Belanghebbende heeft bezwaar gemaakt. De inspecteur heeft betreffende de jaren 2007 tot en met 2013 uitspraken op bezwaar gedaan en de bezwaren ongegrond verklaard.

1.3.

Belanghebbende heeft tegen deze uitspraken beroep ingesteld bij de rechtbank en rechtstreeks beroep ingesteld met betrekking tot de jaren 2014 en 2015. De rechtbank heeft de beroepen gegrond verklaard.

1.4.

De inspecteur heeft tegen deze uitspraak (voor alle jaren) hoger beroep ingesteld bij het hof. Belanghebbende heeft een verweerschrift ingediend.

1.5.

Partijen hebben vóór de zitting nadere stukken ingediend. Deze stukken zijn doorgestuurd naar de andere partij.

1.6.

De zitting heeft plaatsgevonden op 29 februari 2024 in ’s-Hertogenbosch. Daar zijn verschenen belanghebbendes echtgenoot, [echtgenoot] , vergezeld van belanghebbendes gemachtigde, [gemachtigde] , alsmede, namens de inspecteur, [inspecteur 1] en [inspecteur 2] . Op deze zitting zijn gelijktijdig behandeld de onderhavige zaken, de zaken van [bedrijf 5] B.V. (hierna: [bedrijf 5] ) met nummers 22/315 tot en met 22/321 en 22/396 tot en met 22/401, en de zaken van [echtgenoot] met nummers 22/322 tot en met 22/330 en 22/403 tot en met 22/405.

1.7.

Partijen hebben ieder voor de zitting een pleitnota ingediend. Deze pleitnota’s worden met instemming van partijen geacht ter zitting te zijn voorgelezen.

1.8.

Het hof heeft aan het einde van de zitting het onderzoek gesloten.

1.9.

Van de zitting is een proces-verbaal opgemaakt, dat gelijktijdig met de uitspraak aan partijen wordt verzonden.

2 Feiten

2.1.

Belanghebbende is in gemeenschap van goederen gehuwd met [echtgenoot] (hierna: de echtgenoot). De echtgenoot houdt alle aandelen in [bedrijf 1] B.V. Deze B.V. heeft op [datum 1] 2001 alle aandelen in [bedrijf 5] gekocht van [bedrijf 2] B.V. voor een bedrag van fl. 10.000 (€ 4.538). Sinds [datum 2] 2001 is de echtgenoot enig directeur van [bedrijf 5] . Daarvoor werd deze functie bekleed door wijlen [oom] (hierna: [oom] ), een oom van de echtgenoot. [oom] was aandeelhouder van [bedrijf 2] B.V.

2.2.

[bedrijf 5] heeft als doel het ontwikkelen van software, het leveren van hard- en software, het ontwikkelen van internetactiviteiten en het aanleggen en beheren van netwerken, alsmede het adviseren daaromtrent en voorts het geven van opleidingen op vorenstaande gebieden. [bedrijf 5] exploiteert het softwareprogramma [programma] .
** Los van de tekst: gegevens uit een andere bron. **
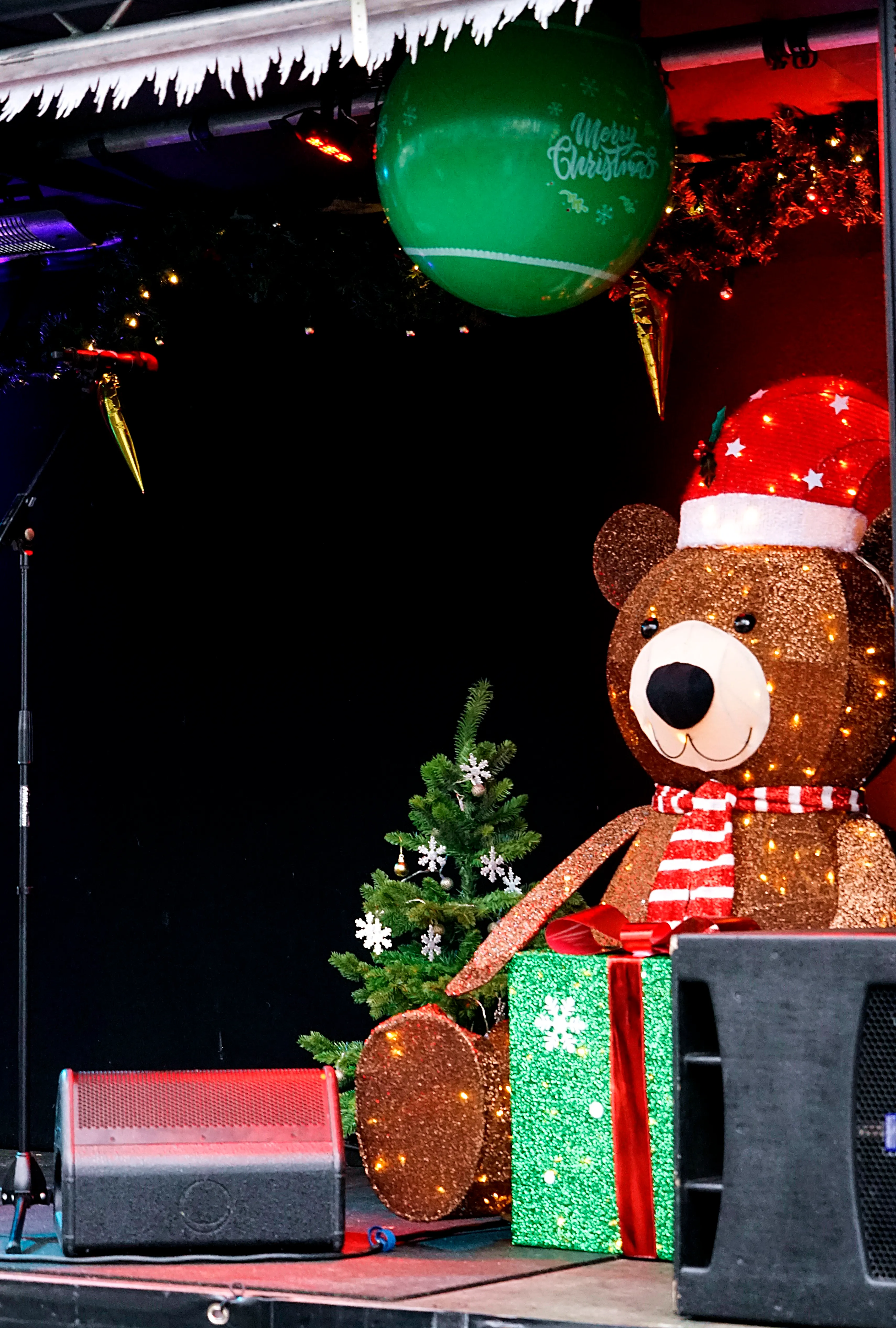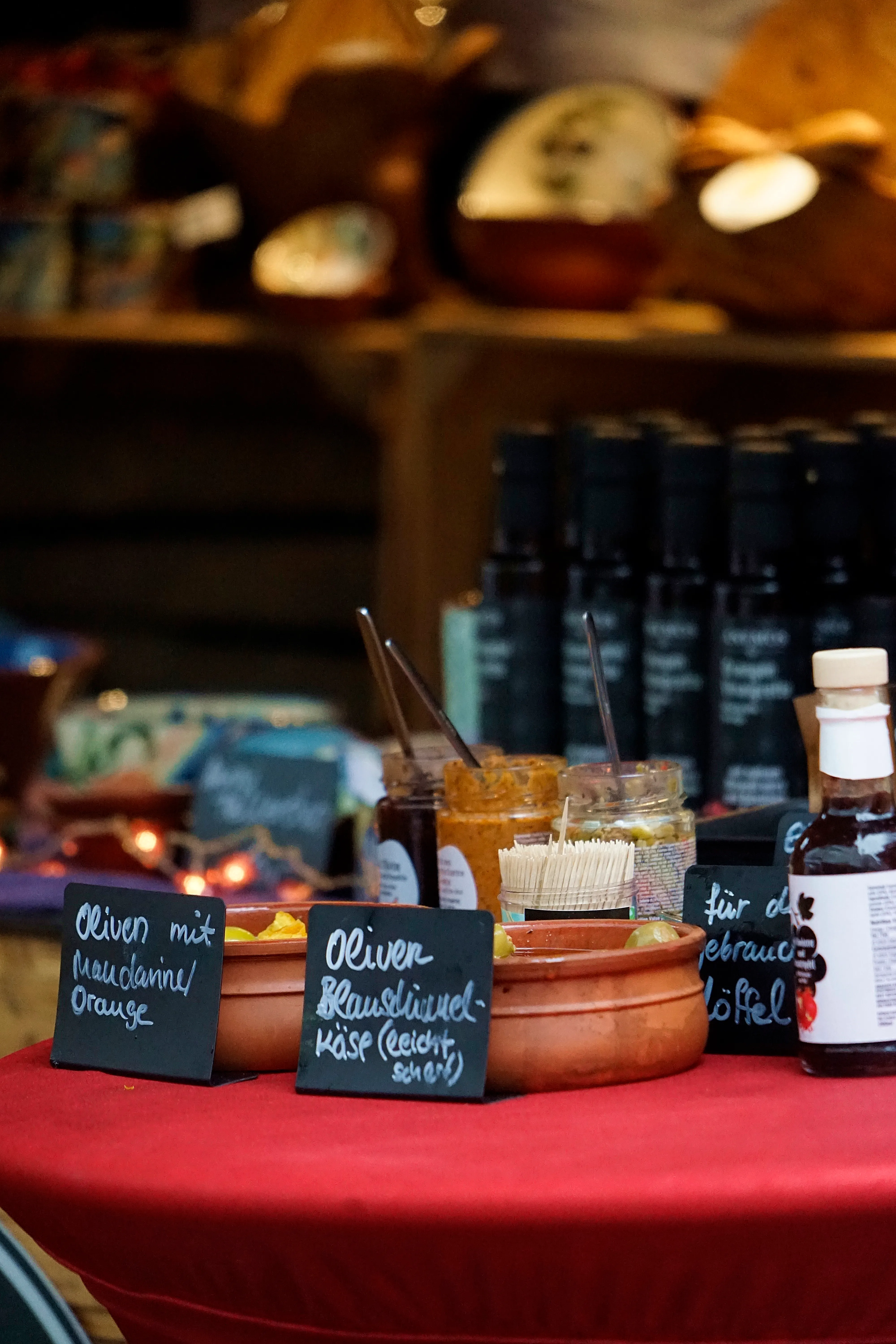 Die traditionell von Vereinen und lokalen Händlern betriebenen Stände boten Geschenkideen von kunstvoll gestrickten Winter Bekleidung bis hin zu selbstgemachten Marmeladen. Das Kulinarische Angebot reichte von würziger Feuerzangenbowle bis hin zu griechischen Köstlichkeiten.
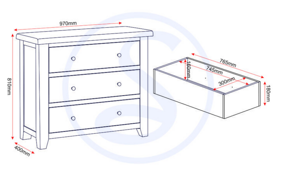 William Pebble 3 drawer chest
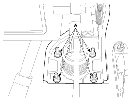 Надежно установите усилитель тормозов и крепежные гайки педали тормоза (А).
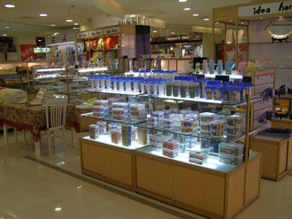 (2)評估展示柜與通道走向、樓梯間、自動扶梯平面位置的硬件環境關系;評估展示柜處于主通道邊還是次通道邊;評估展示柜在整體賣場的位置類級,是否處于死角位置,目的是明確整體形象設計的構思與創意,確定設計空間結構和視覺關注點。
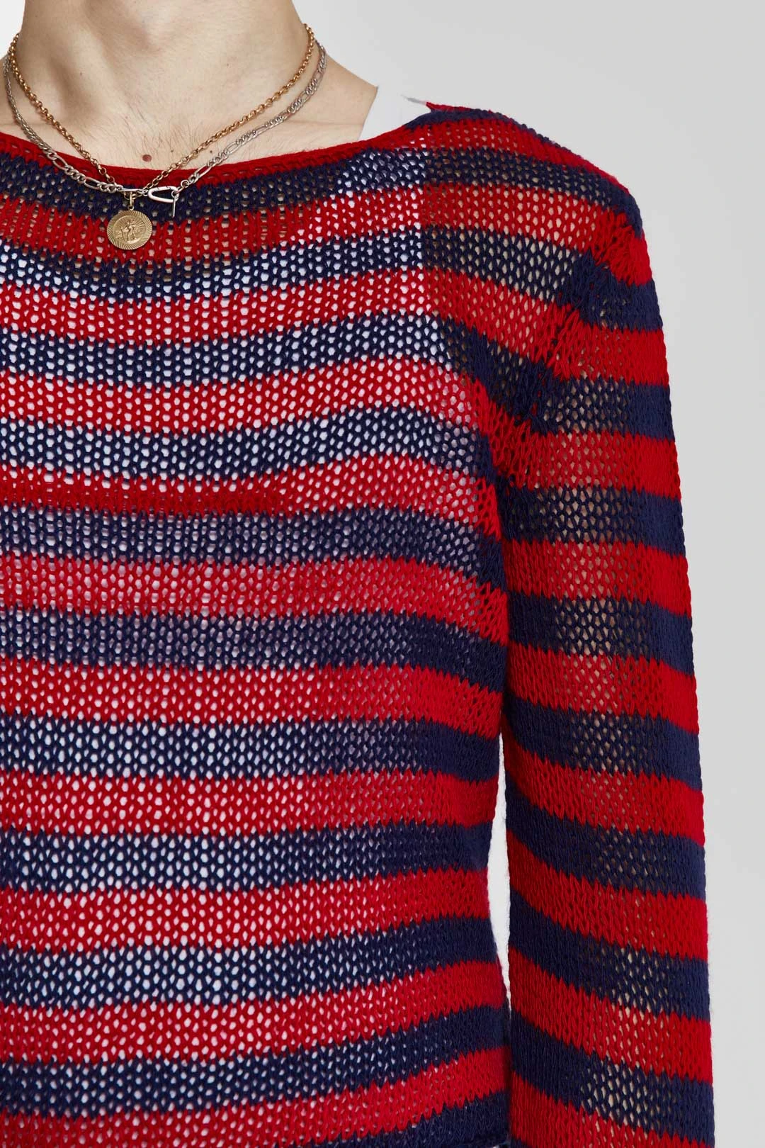 Introducing the Menace Knit, featuring a regal red and navy stripe, this piece is crafted from a slightly brushed yarn. Finished with a slash neck, cast off finish, roll hem and sleeve with a slight flare.
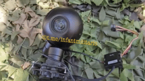This image shows an A40 Pro camera, manufactured by the Chinese company Viewpro UAV and design specifically for use in UAVs. The black box to the right of the camera is the control box which manages video output, camera control, and power. The manufacturer claims this model has a 40× optical zoom, AI detection and tracking, and 3-axis gyro-stabilisation. The company further claims that it can customise the onboard AI recognition based on “target characteristics” provided by the client. Numerous Gerberas fitted with this model of camera are known to have been recovered by Ukrainian forces, although it is by no means the only camera model in use. (ARES)
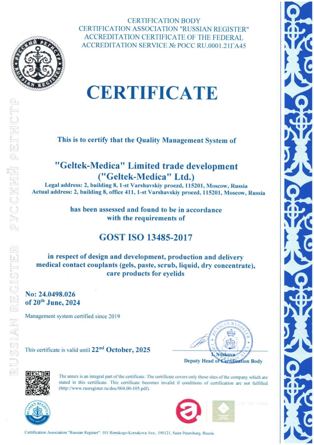 Сертификат ГОСТ ISO 13485 (rus)(стр. 1)

[programma] is een “web based” softwareprogramma, dat multifunctioneel en modulair is opgezet en wordt aangeboden voor elk type organisatie. Het biedt ondersteuning op het gebied van relatiebeheer, logistiek, projectplanning, personeel & organisatie, websitebeheer en winkelautomatisering. Door middel van pakketten/modules kan het programma worden aangepast aan de specifieke wensen van klanten.

2.3.

In een brief van de echtgenoot aan [oom] van 31 december 2001 staat:

“N.a.v. ons gesprek bevestigen wij hierbij dat de rechten van het softwareprogramma “ [programma] ” in handen van jou blijft.

Bij verkoop van de rechten van het softwareprogramma “ [programma] ” heeft [echtgenoot] het eerste recht van koop.

Wegens een opstartfase van 5 jaar bedraagt de licentievergoeding eerst 30% van de totale omzet van de vaste contracten en daarna 50%.

Met terugwerkende kracht mag de licentievergoeding van de eerste vijf jaar gecorrigeerd worden naar 50%.

Tevens is er besloten soepel om te gaan met de betalingen van de licentievergoeding vanwege de opstartfase.

Er hoeft geen rente te worden betaald over de nog te betalen licentievergoeding.”

2.4.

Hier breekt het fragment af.